Sure. I already know you need a solution for this rare 1% case. You've said it enough times, thanks.
X can do this, too, without needing any special support or coding in the applications. It's only if you want to have one application open windows in two different displays simultaneously that you need special support in the application.
How exactly does it work? What commands should I type? My usecase is simple: I'm late at work in Friday, I have dozen of programs open on my desktop and I want to leave for weekend but may be I'll find the time next Saturday to try to fix few things. What should I do?
Note: I have not planned this session in advance, I have not planned to work from home. It just... happened. Well, I obviously needed to do one-time setup to make my desktop remotely accessible, but I definitely have not done anything in this particular session! Sometimes I understand that I need to do something from home when I've already left my office.
With X there are only one choice: use something like xpra and suffer the slowdown all the time even if you actually need to access your programs remotely once or twice per year. Or you can sidestep X and use something like VNC.

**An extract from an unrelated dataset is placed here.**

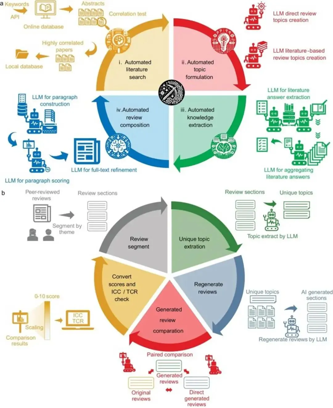 另一篇开放获取文章 **Automated literature research and review-generation method based on large language models** 更进一步。它不是只讲理念,而是把自动综述写作做成了一条可验证的方法学流程。

I don't know what you mean by the X approach fails in 99% of the cases, or that "few programs" show all the properties of X network transparency.
Exactly what noted above: I've locked my workstation and went home without logging out, I need to access my programs somehow. How to do that? That's the most common usecase for rdesktop. And the second most common is to share your desktop with tech support guy, obviously. Both work perfectly in Windows, both are horrible in Linux - and the solutions offered usually don't use the much vaunted "X network transparency" at all. I know some Linux distributions offer VNC as a solution, but it's not perfect: when I access programs in such a way my desktop in office is actually becoming unlocked and anyone can do anything with it!
I'm yet to find a X-based solution which covers this 99% usecase - which is obviously the most important and the most polished usecase in Windows!